▶ About this task:
When copying the data below, keep only the lines from the one with "Zhang et al. [70] reported" through the one with "Pemenang berhak mendapatkan", word for word, and skip the pictures.

▶ Exercise data:

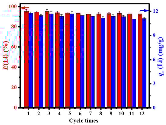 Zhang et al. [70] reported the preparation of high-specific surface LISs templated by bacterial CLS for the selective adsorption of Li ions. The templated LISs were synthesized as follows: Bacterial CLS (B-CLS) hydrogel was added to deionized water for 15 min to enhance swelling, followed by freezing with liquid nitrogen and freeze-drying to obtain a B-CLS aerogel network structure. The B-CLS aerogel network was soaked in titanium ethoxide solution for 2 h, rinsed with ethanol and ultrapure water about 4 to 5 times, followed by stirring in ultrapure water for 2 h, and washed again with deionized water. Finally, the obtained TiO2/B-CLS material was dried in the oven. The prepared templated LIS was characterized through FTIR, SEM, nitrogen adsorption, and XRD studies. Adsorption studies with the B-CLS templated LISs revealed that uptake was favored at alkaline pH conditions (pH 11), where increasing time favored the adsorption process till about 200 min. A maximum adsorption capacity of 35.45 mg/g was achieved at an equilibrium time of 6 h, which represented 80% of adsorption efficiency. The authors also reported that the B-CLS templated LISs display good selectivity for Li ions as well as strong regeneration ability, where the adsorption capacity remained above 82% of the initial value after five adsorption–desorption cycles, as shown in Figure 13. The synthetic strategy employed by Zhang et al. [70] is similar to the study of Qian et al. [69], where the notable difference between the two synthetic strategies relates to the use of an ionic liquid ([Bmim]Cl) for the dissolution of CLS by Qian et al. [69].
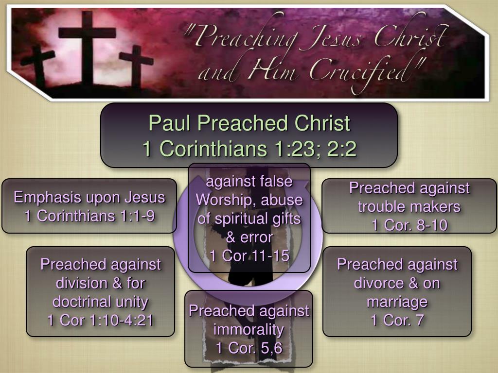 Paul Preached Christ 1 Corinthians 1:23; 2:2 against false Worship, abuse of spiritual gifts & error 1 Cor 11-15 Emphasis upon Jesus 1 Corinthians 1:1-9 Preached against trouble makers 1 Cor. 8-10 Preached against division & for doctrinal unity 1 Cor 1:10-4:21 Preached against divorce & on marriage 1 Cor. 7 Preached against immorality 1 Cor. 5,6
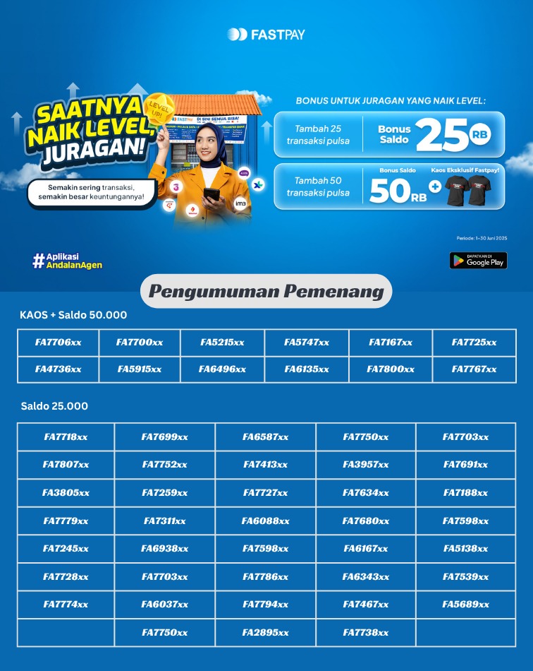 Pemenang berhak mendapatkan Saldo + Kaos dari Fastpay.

...

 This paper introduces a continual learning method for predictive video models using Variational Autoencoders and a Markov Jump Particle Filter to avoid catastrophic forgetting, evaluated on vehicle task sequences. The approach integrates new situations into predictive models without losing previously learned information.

▶ Solution to this exercise:
 Zhang et al. [70] reported the preparation of high-specific surface LISs templated by bacterial CLS for the selective adsorption of Li ions. The templated LISs were synthesized as follows: Bacterial CLS (B-CLS) hydrogel was added to deionized water for 15 min to enhance swelling, followed by freezing with liquid nitrogen and freeze-drying to obtain a B-CLS aerogel network structure. The B-CLS aerogel network was soaked in titanium ethoxide solution for 2 h, rinsed with ethanol and ultrapure water about 4 to 5 times, followed by stirring in ultrapure water for 2 h, and washed again with deionized water. Finally, the obtained TiO2/B-CLS material was dried in the oven. The prepared templated LIS was characterized through FTIR, SEM, nitrogen adsorption, and XRD studies. Adsorption studies with the B-CLS templated LISs revealed that uptake was favored at alkaline pH conditions (pH 11), where increasing time favored the adsorption process till about 200 min. A maximum adsorption capacity of 35.45 mg/g was achieved at an equilibrium time of 6 h, which represented 80% of adsorption efficiency. The authors also reported that the B-CLS templated LISs display good selectivity for Li ions as well as strong regeneration ability, where the adsorption capacity remained above 82% of the initial value after five adsorption–desorption cycles, as shown in Figure 13. The synthetic strategy employed by Zhang et al. [70] is similar to the study of Qian et al. [69], where the notable difference between the two synthetic strategies relates to the use of an ionic liquid ([Bmim]Cl) for the dissolution of CLS by Qian et al. [69].
 Paul Preached Christ 1 Corinthians 1:23; 2:2 against false Worship, abuse of spiritual gifts & error 1 Cor 11-15 Emphasis upon Jesus 1 Corinthians 1:1-9 Preached against trouble makers 1 Cor. 8-10 Preached against division & for doctrinal unity 1 Cor 1:10-4:21 Preached against divorce & on marriage 1 Cor. 7 Preached against immorality 1 Cor. 5,6
 Pemenang berhak mendapatkan Saldo + Kaos dari Fastpay.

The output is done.